Only in Goa and Puducherry did 100% of the samples tested conform to required standards. At the other end were West Bengal, Bihar, Chhattisgarh, Jharkhand, Orissa and Mizoram, where not a single sample tested met the norms.
Other prominent states fared just a shade better. Around 89% of the samples tested from Gujarat, 83% from Jammu & Kashmir, 81% from Punjab, 76% from Rajasthan, 70% from Delhi and Haryana and 65% from Maharashtra failed the test. Around half of the samples from Madhya Pradesh (48%) also met a similar fate.
States with comparatively better results included Kerala where 28% of samples did not conform to the FSSAI standards, Karnataka (22%), Tamil Nadu (12%) and Andhra Pradesh (6.7%).
The samples were collected randomly and analysed from 33 states totaling a sample size of 1,791. Just 31.5% of the samples tested (565) conformed to the FSSAI standards while the rest 1,226 (68.4%) failed the test.

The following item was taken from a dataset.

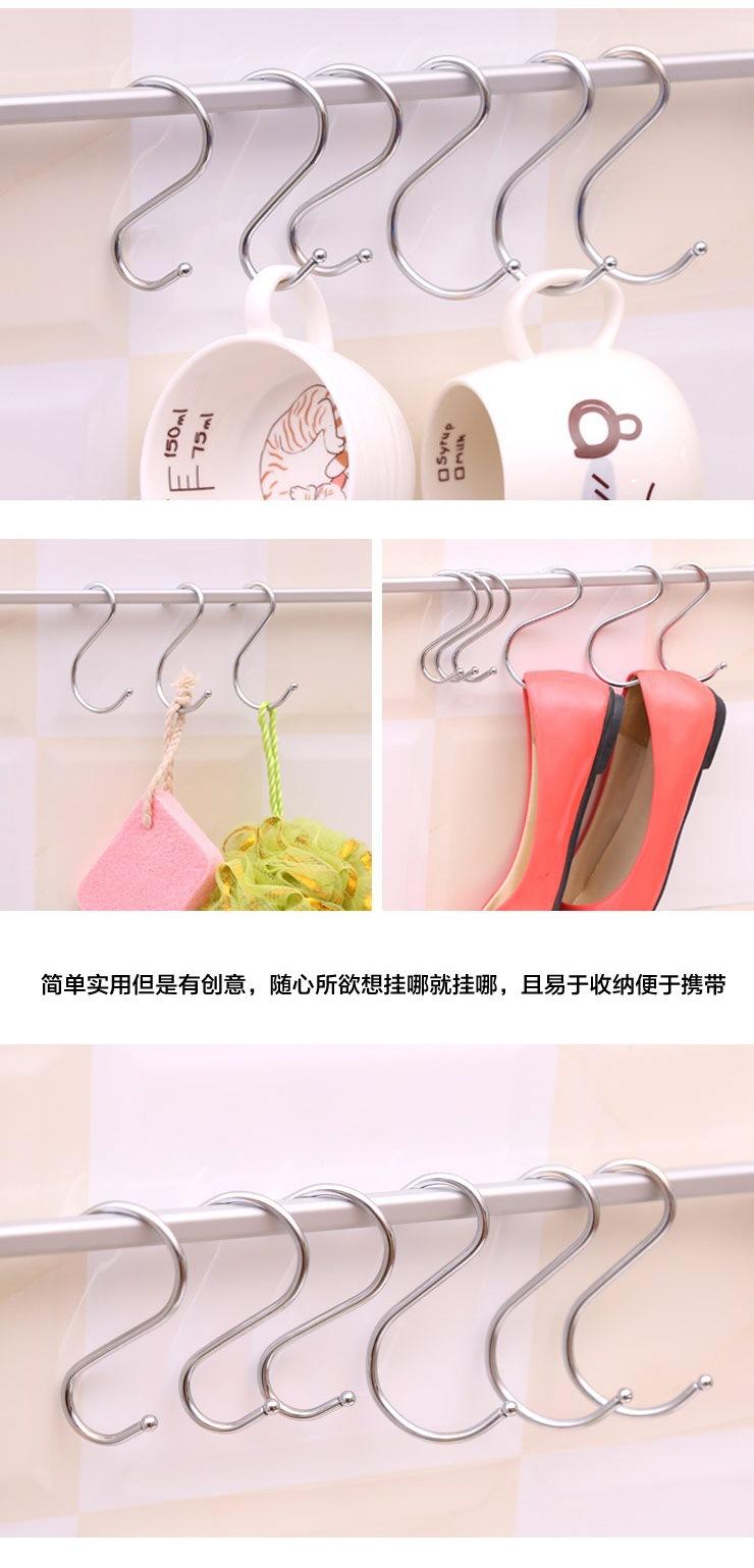 Gancho para colgar en la pared, perchero de acero inoxidable con forma de S, gancho para secar ropa de cocina, sin perforaciones, gancho en forma de S

A study conducted by Food Safety Standards Authority of India (FSSAI) across 33 states has found that milk was adulterated with detergent, fat and even urea, besides the age-old practice of diluting it with water. Across the country, 68.4% of the samples were found contaminated.
These were sent to government laboratories like Department of Food and Drug Testing of Puducherry, Central Food Laboratory in Pune, Food Reasearch and Standardization Laboratory in Ghaziabad, State Public Health Laboratory in Guwahati and Central Food Laboratory, Kolkata, for testing against presence of adulterants like fat, neutralizers, hydrogen peroxide, sugar, starch, glucose, urea, detergent, formalin and vegetable fat.
Detergent was found in 103 samples (8.4%). “This was because milk tanks were not properly washed. Detergents in milk can cause health problems,” FSSAI official told TOI. The non-conforming samples in rural areas numbered 381 (31%) out of which 64 (16.7%) were packet milk and 317 (83.2%) were loose samples.
In urban areas, the number of non-confirming samples were 845 (68.9%) out of which 282 (33.3%) were packed and 563 (66.6%) were loose.
The most common adulteration was that of fat and solid not food (SNF), found in 574 (46.8%) of the non-conforming samples. This, scientists say, is because of dilution of milk with water. The second highest parameter of non-conformity was skim milk powder in 548 samples (44.69%) which includes presence of glucose in 477 samples. Glucose could have been added to milk probably to enhance SNF.
The report asked state enforcement authorities to check whether the new FSSAI rules are being complied with. An earlier first-of-its-kind study of milk boiling habits that involved 2,400 women across eight major cities had found that Chandigarh leads the pack in boiling milk, doing it more than three times a day. While 84% women in Kolkata boiled milk for more than five minutes, about 46% of women in Pune preferred to boil milk in high temperatures. The study, by the Indian Medical Academy, said, “About 49% boil milk more than thrice before consumption. Around 56% boil it for more than 5 minutes, and 73% don’t stir while boiling,” said Dr Pawan Gupta, IMA.
This only confirms that food adulteration is common in India. Even milk, consumed primarily by children, isn’t spared. What’s particularly worrying is the kind of substances used to adulterate, including toxic chemicals. This shows the trade off between the risk of getting caught and the ‘reward’ of huge profits is skewed heavily in favour of the latter. The government must focus on raising the risks to the adulterator. One way of doing this is by hiking the penalty, including making it analogous to attempt to murder in extreme cases. It’s equally important to regularly check foodstuff for adulteration and ensure speedy trials.